Холод - Андрей Геласимов 12 стр.


– Очень плохое вино, – сказал он Рите и Тёме, входя следом за ними в абсолютно темный подъезд. – Настоящая бормотуха. Как «Вера Михайловна» в далеком детстве.

– Какая Вера Михайловна? – спросила Рита, подсвечивая мертвенно белое лицо Филиппова дисплеем своего телефона.

– Вермут в народе так назывался. Только это был не вермут.

– Пойдемте скорее, – потянул его за рукав Тёма. – У меня батарейка садится. К тому же в квартире наверняка теплей.

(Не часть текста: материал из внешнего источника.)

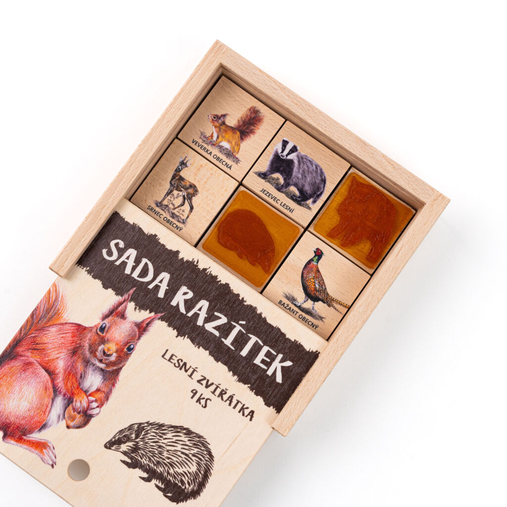Nejznámější lesní zvířátka jako razítka v jedné sadě! Učte se o naší přírodě hrou!• Razítka vyrábí u nás v dílně české ruce z kvalitního českého certifikovaného dřeva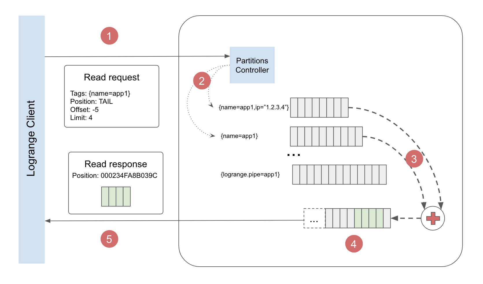 {name="app1",ip="1.2.3.4"}. In the example the partition already exists and contains some data. If the partition doesn't exist the Partition Controller will create it.{logrange.pipe="app1"}. Pipe Controller initiate the writing process.{name="app1",ip="1.2.3.4"} is copied to the partition {logrange.pipe="app1"}Read Operation intended to obtain records from one or many partitions. Opposed to a Write operation the Read one can read records from multiple partitions. Some stream merge will be needed this case.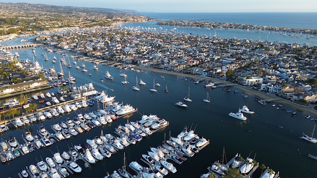 Unser Ziel ist Newport Beach, zwischen Los Angeles und San Diego gelegen. Viel wissen wir nicht über die Stadt, nur, dass sie einen gut geschützten Ankerplatz bietet und man mit dem Dinghy gut die vielen Häuser mit Bootsstegen davor bewundern kann. Das machen wir dann auch. Und sind ziemlich beeindruckt. Ganze Stadtteile im Mündungsgebiet des San Diego Creek sind Inseln, etwa Balboa Island und Lido Isle, daneben gibt es eine Vielzahl weiterer kleiner Inseln und Halbinseln. Es ist unfassbar, wie viele Boote hier liegen. An den Stegen vor den Häusern und Villen, in mehreren Häfen und vor allem in riesigen Bojenfeldern. Und mittendrin: unser Ankerplatz.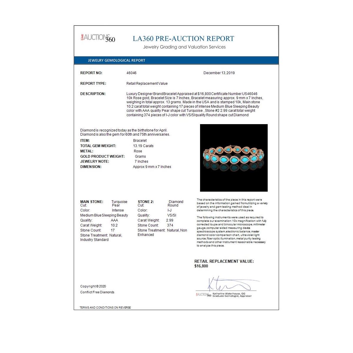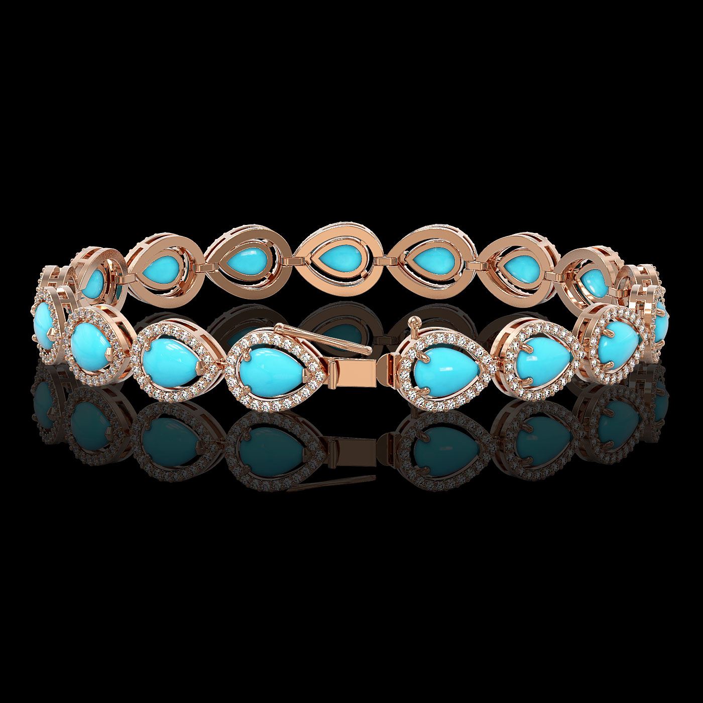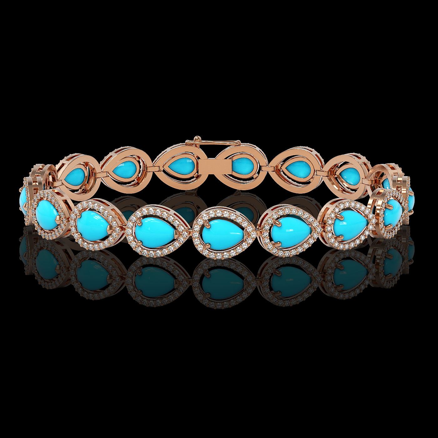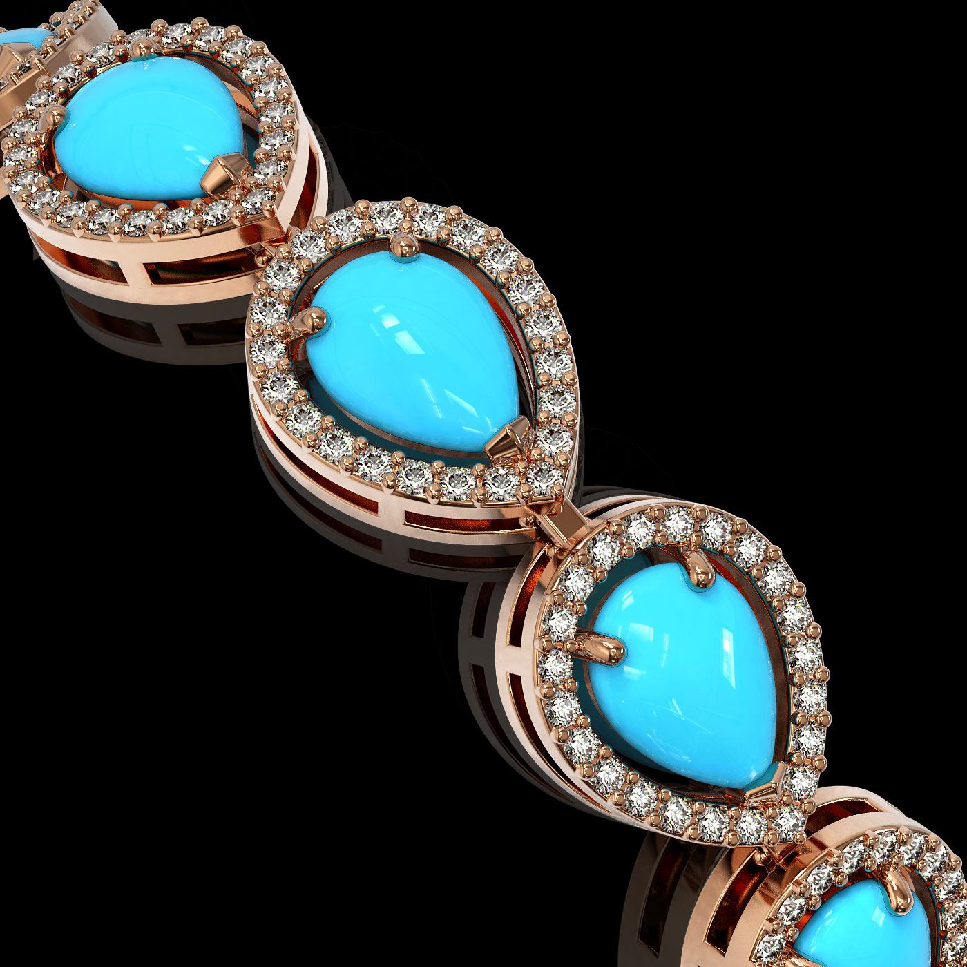 REF-305H8R - SKU: 46046 ---- 13.19 ctw Turquoise & Diamond Micro Pave Halo Bracelet 10k Rose Gold

В подъезде действительно было холодно. Не так, разумеется, как на улице, но пар изо рта валил весьма ощутимо. Филя шумно выдыхал его, шмыгал носом, тер негнущимися ладонями свое снова чужое лицо, косился на идущую позади него Риту, которая светила ему под ноги телефоном, смешно постукивал копытцами одеревеневших на морозе кедиков и то и дело с грохотом натыкался на огромные ящики, загромоздившие весь подъезд. При этом его режиссерские рефлексы автоматически насиловали ему мозг. Представляя себе – буквально против собственной воли – эту жалкую процессию со стороны, он видел то муравейник в разрезе, в тесном ходе которого ползут три насекомых с фонариками, то глухую извилистую нору, в которой шуршат кроты, то завал бездонной шахты, где пробиваются к выходу потерявшие всякую надежду шахтеры, и от этих образов на сердце у него становилось все муторнее, все безнадежнее, все злей.

– Они что, до сих пор держат вот так картошку? – выдавил он сквозь зубы, стукнувшись о снарядный ящик с гигантским амбарным замком и уже нарочно пиная его во второй раз.

– Конечно, – ответила Рита, проходя вперед. – А где им ее держать?

– В самом деле, – буркнул Филя. – Не в магазин же ходить. Слушайте, нам долго еще? Или вы ждете, пока я себе ноги сломаю?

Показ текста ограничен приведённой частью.